Saturday, 15 February 2014

The projection of energy: tachikata and unsoku

Sokumen jodan uchi-uke doji ni sokumen gedan-barai.
Something I rediscovered recently, but on a more in-depth level, was `directing power’ when moving in the various tachikata (stances); that is, how the weight is projected in techniques.

In particular, this relates to the width and length of stances in direct relation to techniques: for example, movements 38-41 of Jion. In all four of these movements if the zenkutsu-dachi (front stance) is even slightly too wide one’s energy will partially go to the side (as opposed to being fully projected forward). This is easier to feel, and correct, in the two jun-zuki but can subtly go under the radar, and is more challenging, when turning with the two uchi-uke. Quite simply, this is because the “sideward energy” applied in the uchi-uke (going from inside-outward); furthermore, the use of hanmi (the half-facing position) and zenmi/shomen (the front-on/squared position) respectively.

While all of this is plain, and very easy to understand in text, it requires diligent practice.
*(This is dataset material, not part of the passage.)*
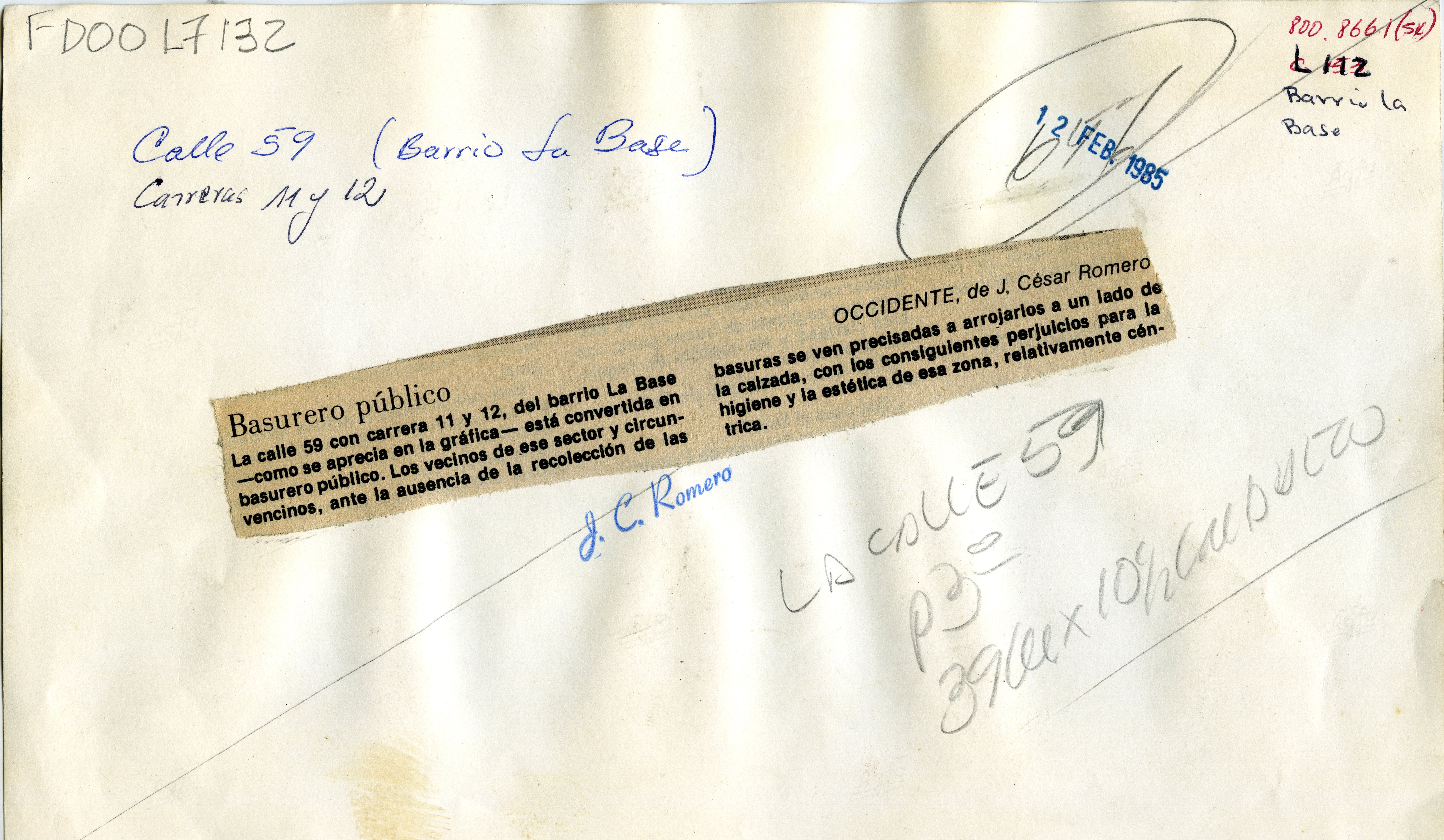 Al reverso de la fotografía se anexa recorte: "La calle 59 con carrera 11 y 12, del barrio La Base, como se aprecia en la gráfica, está convertida en basueror público. Los vecinos de ese sector y circunvecinos, ante la ausencia de la recolección de las basuras se ven precisadas a arrojarlos a un lado de la calzada, con los consiguientes perjuicios para la higiene y la estetica de esa zona, relativamente céntrica."

Why? Because one must physically/subconsciously understand, and maximise, how their stances and movements optimise the various techniques of karate-do (especially in correlation with unsoku/leg movements). This starts from the straight line (choku-zuki, mae-geri etc) and runs a full course to the full-circle (kaiten-waza/ tenshin); subsequently, the added impetus/possibilities/combinations of raising and lowering the body are added to the equation.
Taken as a whole, as Nakayama Shuseki-Shihan stated, karate-do masters all of the possible bodily movements for potential offense and defence. Subsequently, effective application of technique can easily come from this baseline approach in training. Last but not least, knowing is not enough in Karate-Do. Only by having “…the ability to express knowledge within one’s physical technique” is knowledge useful for the karateka. Osu, André.

A snow covered view of Aso-San from my apartment. The volcanic steam, rising out of the crater, is hidden by clouds.
© André Bertel. Aso-shi, Kumamoto-ken, Japan (2014).